| EXERCISE OBJECTIVE |
An exact transcription of the listing, without its images, is what the answer must contain.

| RAW DATA |
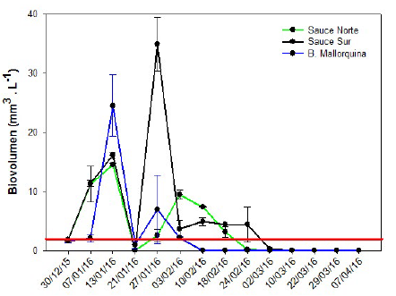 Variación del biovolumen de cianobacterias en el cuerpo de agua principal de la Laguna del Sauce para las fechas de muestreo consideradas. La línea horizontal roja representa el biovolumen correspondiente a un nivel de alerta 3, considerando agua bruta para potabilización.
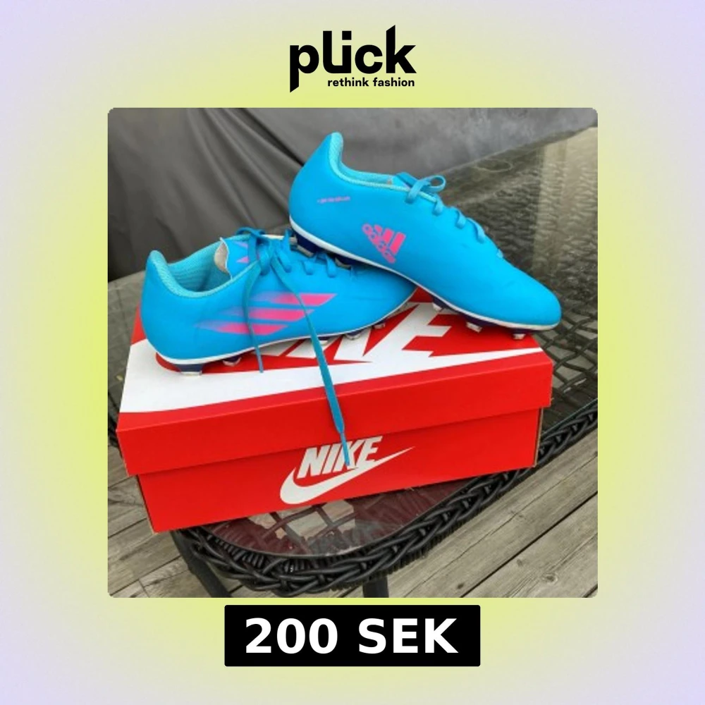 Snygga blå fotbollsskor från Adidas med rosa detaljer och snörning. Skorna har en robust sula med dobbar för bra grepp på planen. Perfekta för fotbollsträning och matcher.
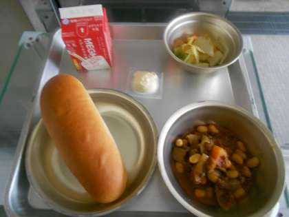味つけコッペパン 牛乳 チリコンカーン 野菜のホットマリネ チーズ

| OUTPUT BELOW |
 Variación del biovolumen de cianobacterias en el cuerpo de agua principal de la Laguna del Sauce para las fechas de muestreo consideradas. La línea horizontal roja representa el biovolumen correspondiente a un nivel de alerta 3, considerando agua bruta para potabilización.
 Snygga blå fotbollsskor från Adidas med rosa detaljer och snörning. Skorna har en robust sula med dobbar för bra grepp på planen. Perfekta för fotbollsträning och matcher.
味つけコッペパン 牛乳 チリコンカーン 野菜のホットマリネ チーズ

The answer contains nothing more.